Abstract PCNA is a critical regulator and facilitator of many cellular processes such as DNA replication, DNA repair, recombination, chromatin structure and apoptosis. PCNA is a ring-shaped complex that acts as a sliding platform on DNA for the arrangement of scores different proteins to assemble and act on chromatin. Abnormal PCNA activity is associated with the development and metastasis of cancer; consequently, PCNA is a target for development of chemotherapeutics. Two separate point mutations (Ser228Ile and Cys148Ser) in PCNA cause an autosomal recessive disorder (PCNA Associated DNA Repair Disorder or PARD) that results from defects in DNA repair. We hypothesize that these mutations disrupt PCNA’s stability and/or ability to bind to partner proteins. We further hypothesize that the PCNA defect in folding stability results in a shorter lifetime on DNA, thereby preferentially inhibiting DNA repair proteins that function near the end of PCNA’s lifetime on DNA. Our preliminary studies show that the S228I mutation disrupts the binding site for PCNA partners, yet some partners overcome this disruption to bind PCNA. We hypothesize that the S228I mutation disrupts the structure and dynamics of the binding site such that the DNA repair pathway is disproportionately perturbed. We further find that both PARD mutations disrupt PCNA stability, which could decrease the lifetime of PCNA on DNA. In support of this hypothesis, we find that PCNA levels on chromatin are abnormally low in patient-derived fibroblast cells. We will address these hypotheses with three specific aims: (1) To determine how the PARD mutations alter PCNA structure, stability, and dynamics, (2) to determine the biochemical effects of PARD variants on PCNA longevity and on partner binding and activity, and (3) to identify which cellular factors and pathways are disrupted. Our studies will determine the robustness or fragility of PCNA-mediated pathways such as DNA repair and DNA replication, which will define how PCNA affects cancer. Our work will also uncover how PCNA structure and dynamics controls partner binding, which will guide efforts to develop small molecules that disrupt specific PCNA-mediated.
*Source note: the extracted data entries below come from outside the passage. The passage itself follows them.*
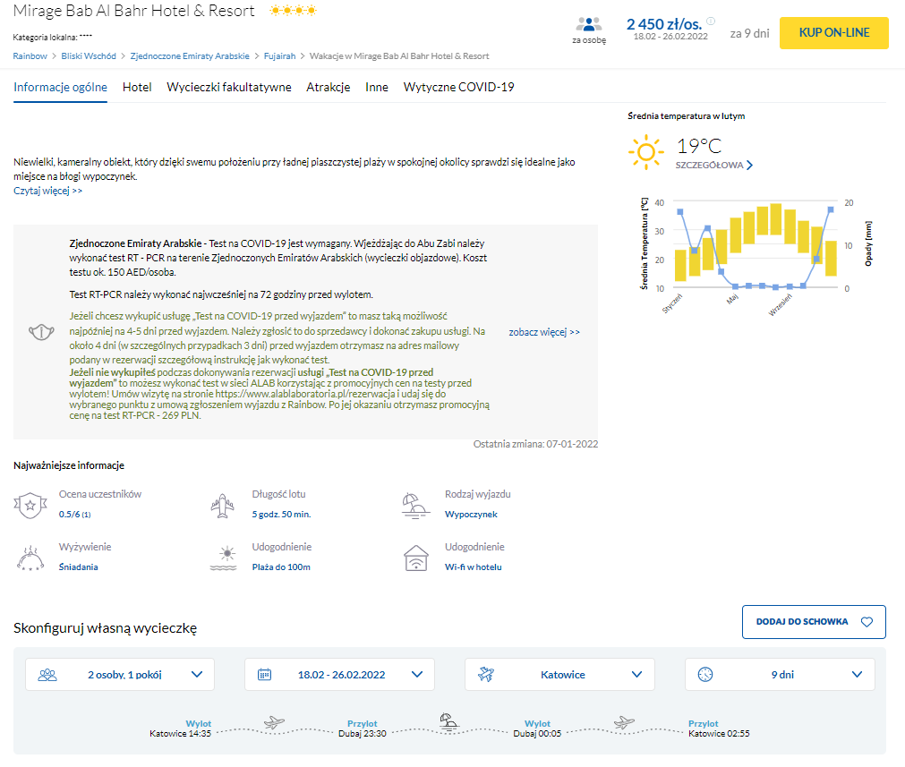 Skorzystajcie z obniżki cen w biurze podróży Rainbow i zarezerwujcie wczasy w 4* hotelu Mirage Bab Al Bahr Hotel & Resort, który jest położony w północnej części emiratu Fudżajra nad Zatoką Omańską, bezpośrednio przy prywatnej, piaszczystej plaży, w sąsiedztwie gór Hajar. Na terenie obiektu znajduje się basen zewnętrzny oraz oddzielny brodzik dla dzieci z wodnym placem zabaw i taras słoneczny. Dla gości udostępniono komfortowe, klimatyzowane pokoje wyposażone w prywatne łazienki.
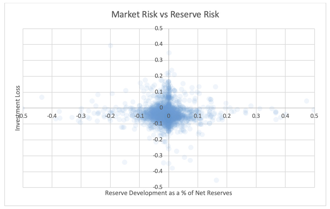 Correlation could be measured at many levels, one of which is the aggregated correlation across the entire industry. If the industrywide reserve development is tallied over 30 years and compared with industrywide market returns, this would generate an industry-level empirical correlation factor between reserve risk and market risk. However, industry-level correlation factors should not be applied to individual companies, largely because of diversification between results of different companies. A better benchmark is the correlation between comparable companies of similar size, asset mix, and underwriting portfolio.
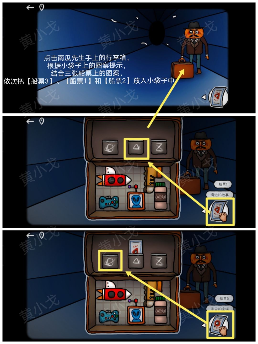 40.点击南瓜先生手上的行李箱,根据小袋子上的图案提示,结合三张船票上的图案,依次把【船票3】、【船票1】和【船票2】放入小袋子中;完成收纳小游戏

抽象的 PCNA是许多细胞过程的关键调节剂，也是 DNA复制，DNA修复，重组，染色质结构和凋亡。 PCNA是一种环形复合物，充当DNA的滑动平台 分数的排列不同的蛋白质以组装和作用于染色质。 PCNA活性异常与发展和转移有关 癌症;因此，PCNA是化学治疗剂开发的靶标。 PCNA中的两个单独的点突变（Ser228ile和Cys148ser）导致 常染色体隐性障碍（PCNA相关的DNA修复障碍或PARD） 这是由于DNA修复缺陷所致。我们假设这些突变 破坏PCNA的稳定性和/或与伴侣蛋白结合的能力。我们进一步 假设折叠稳定性中的PCNA缺陷导致寿命较短 在DNA上，优先抑制在附近起作用的DNA修复蛋白 PCNA在DNA上的生命结束。我们的初步研究表明S228i 突变破坏了PCNA合作伙伴的绑定站点，但一些合作伙伴 克服这种破坏以结合PCNA。我们假设S228i突变 破坏结合位点的结构和动力学，使DNA修复 途径不成比例地扰动。我们进一步发现两个 突变破坏PCNA稳定性，这可能会降低PCNA的寿命 脱氧核糖核酸。为了支持这一假设，我们发现染色质上的PCNA水平是 交替使用患者衍生的成纤维细胞。 我们将以三个特定的目的解决这些假设：（1）确定如何 PARD突变改变了PCNA结构，稳定性和动力学，（2）至 确定帕德变体对PCNA寿命和对PCNA寿命的生化效应 伴侣结合和活动，（3）确定哪些细胞因素和 途径被干扰。我们的研究将确定 PCNA介导的途径，例如DNA修复和DNA复制，将 定义PCNA如何影响癌症。我们的工作还将发现PCNA的结构如何 动态控制合作伙伴的绑定，这将指导努力发展小型 破坏特定PCNA介导的分子。